[Prompt]
Starting at the line that contains "QSAR-model fitting correlation" and ending at the line that contains "軽快なミニゲーム風A ・ 02 軽…", the lines below are to be given again exactly, with nothing added.

[Study material]
------------------------------------------------------------------------

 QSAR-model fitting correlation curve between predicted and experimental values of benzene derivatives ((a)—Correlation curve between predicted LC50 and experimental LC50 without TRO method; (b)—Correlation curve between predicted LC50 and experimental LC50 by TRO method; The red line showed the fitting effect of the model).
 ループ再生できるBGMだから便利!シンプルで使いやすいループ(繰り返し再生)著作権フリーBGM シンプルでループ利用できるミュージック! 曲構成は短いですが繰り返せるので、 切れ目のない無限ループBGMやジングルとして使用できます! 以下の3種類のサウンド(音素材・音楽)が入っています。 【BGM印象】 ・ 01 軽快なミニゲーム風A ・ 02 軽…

------------------------------------------------------------------------

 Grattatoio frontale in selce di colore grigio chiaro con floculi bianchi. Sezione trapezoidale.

------------------------------------------------------------------------

[Your response]
 QSAR-model fitting correlation curve between predicted and experimental values of benzene derivatives ((a)—Correlation curve between predicted LC50 and experimental LC50 without TRO method; (b)—Correlation curve between predicted LC50 and experimental LC50 by TRO method; The red line showed the fitting effect of the model).
 ループ再生できるBGMだから便利!シンプルで使いやすいループ(繰り返し再生)著作権フリーBGM シンプルでループ利用できるミュージック! 曲構成は短いですが繰り返せるので、 切れ目のない無限ループBGMやジングルとして使用できます! 以下の3種類のサウンド(音素材・音楽)が入っています。 【BGM印象】 ・ 01 軽快なミニゲーム風A ・ 02 軽…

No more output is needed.